Sautet a toujours eu l'intelligence, en bon scénariste, de faire appel aux meilleurs auteurs du 7ème art hexagonal : Jean-Loup Dabadie, Claude Néron, Jacques Fieschi, Jérôme Tonnerre, Michel Audiard, ....
Chacun contribuera à le stimuler et à le guider vers de nouvelles formes, de nouvelles atmosphères, le regénérant automatiquement. Il ne cessera d'imaginer des balades romantiques, des promenades existentielles, des rapports amoureux entre les amis, des rapports amicaux entre les amoureux; il racontera des histoires d'amour impossibles ou refusées, déclarées ou hésitantes. Cet univers sans misère et sans horreur, à l'aspect cocooning, mais jamais solitaire, a son revers : le désespoir des uns, le malheur des autres, et finalement une angoisse de la vie, la peur de passer à côté de quelque chose d'important... Comme peu l'ont fait, Sautet mariait à merveille l'intimité et la froideur, la générosité et la distance, la finesse et la volupté. Il était lui-même loin des honneurs, du tapage médiatique, des paillettes des Festivals. Son nom était une signature, un label de qualité, de chic.

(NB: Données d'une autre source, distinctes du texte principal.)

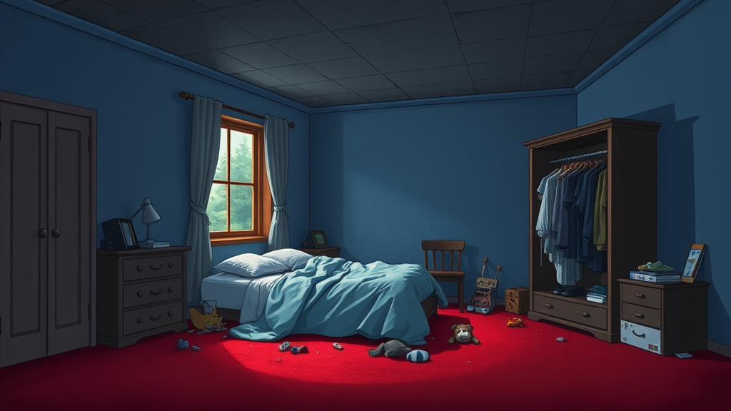 A digital cartoon depicting a dimly lit bedroom with a rich red carpet and walls painted in a soft, worn-out blue, contrasting against an elegant deep gray ceiling. Tucked into the corner is an unkempt bed covered by a cozy, ocean-colored duvet, flanked by a single window showcasing the gentle allure of a rain-soaked forest in the distance. The room is cluttered with a delightful ensemble of toys scattered across the floor, and a slightly ajar wardrobe brimming with clothes, its contents threatening to spill out. Central to the atmosphere is the play between shadows and soft light from raindrops tapping against the window, casting playful patterns across the disarray.
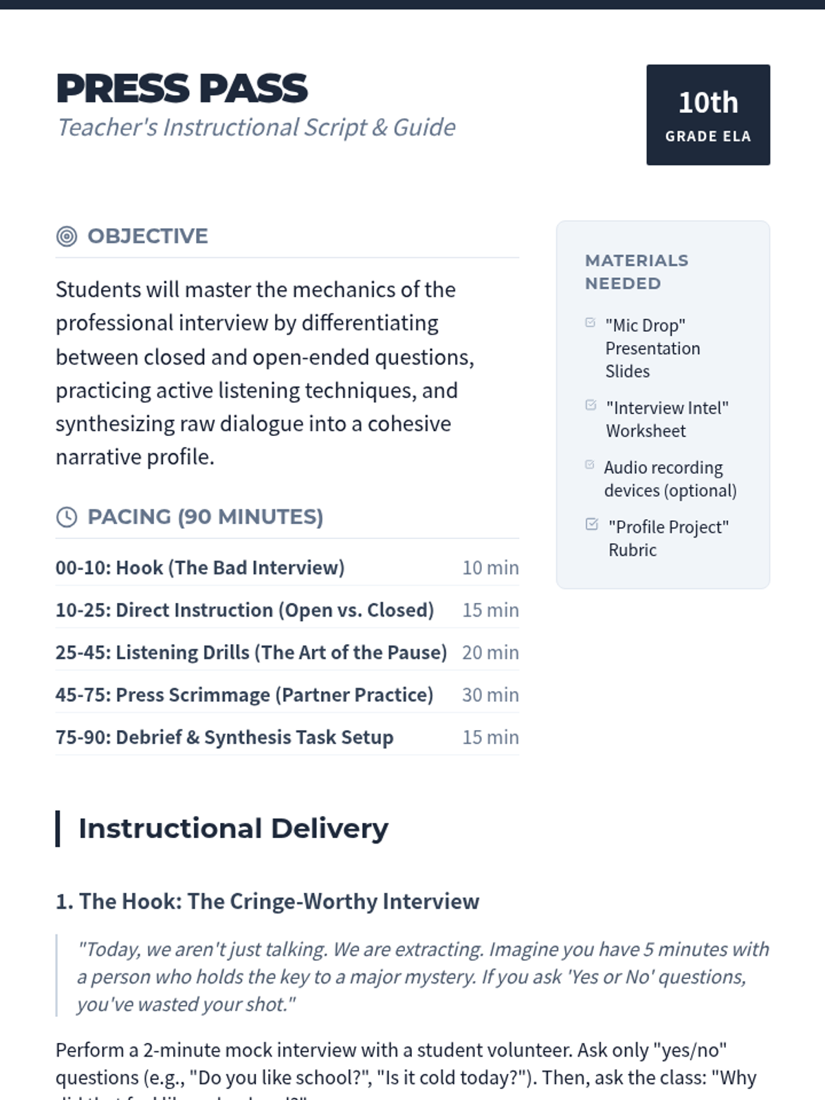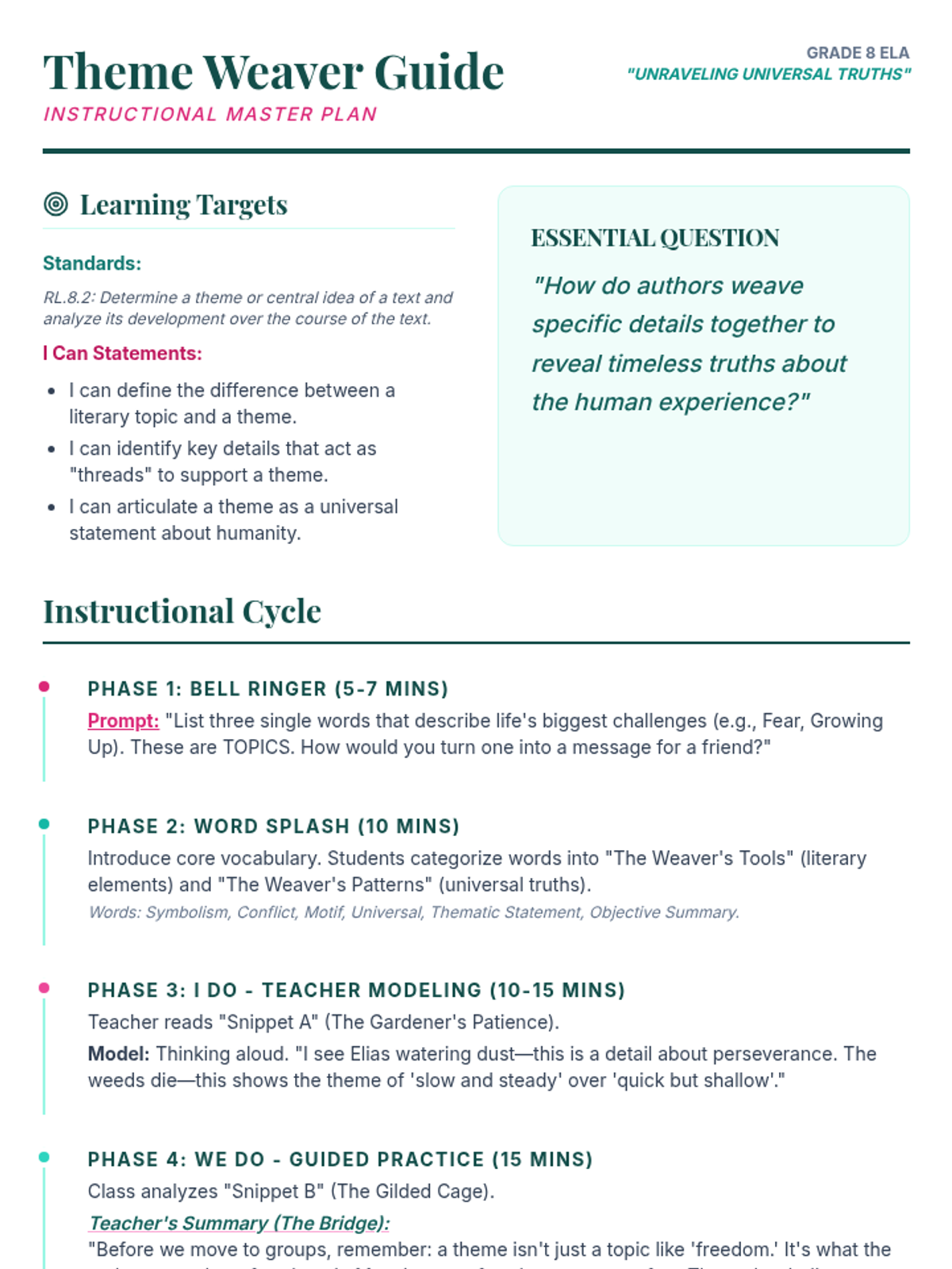 A comprehensive lesson for grades 7-10 focusing on mastering main idea identification through diverse texts, including fiction, history, and current events. Students will learn to distinguish between explicit and implicit main ideas and connect them to supporting details.

Fidèle ami et artiste modeste, le timide Sautet était un touche à tout discret : un "ressemeleur de scénario" (dixit Truffaut), un réalisateur de spots de pub (jamais diffusés), un président de la SACD, un critique de musique, ... Il aimait s'amuser, et le cinéma lui paraissait ludique. Il aimait donner, ce qui l'obligea à toujours vouloir être divertissant pour que le public l'apprécie.
Aujourd'hui, il fait des émules. D'autres reprennent son flambeau. Beraucoup même le revendique. D'autres observent, différemment cette dégradation morale, cet amour des gens, ce goût des autres, avec le même amour du scénario : Jaoui, Tavernier, Deville, Klapisch, Esposito... Et si d'autres accusent ce formalisme un peu académique, ces partitions trop bien écrites, ces contextes un peu démodés, on ne peut que reconnaître l'universalité de son propos et l'harmonie des sentiments. Bref une certaine magie offerte par le cinéma.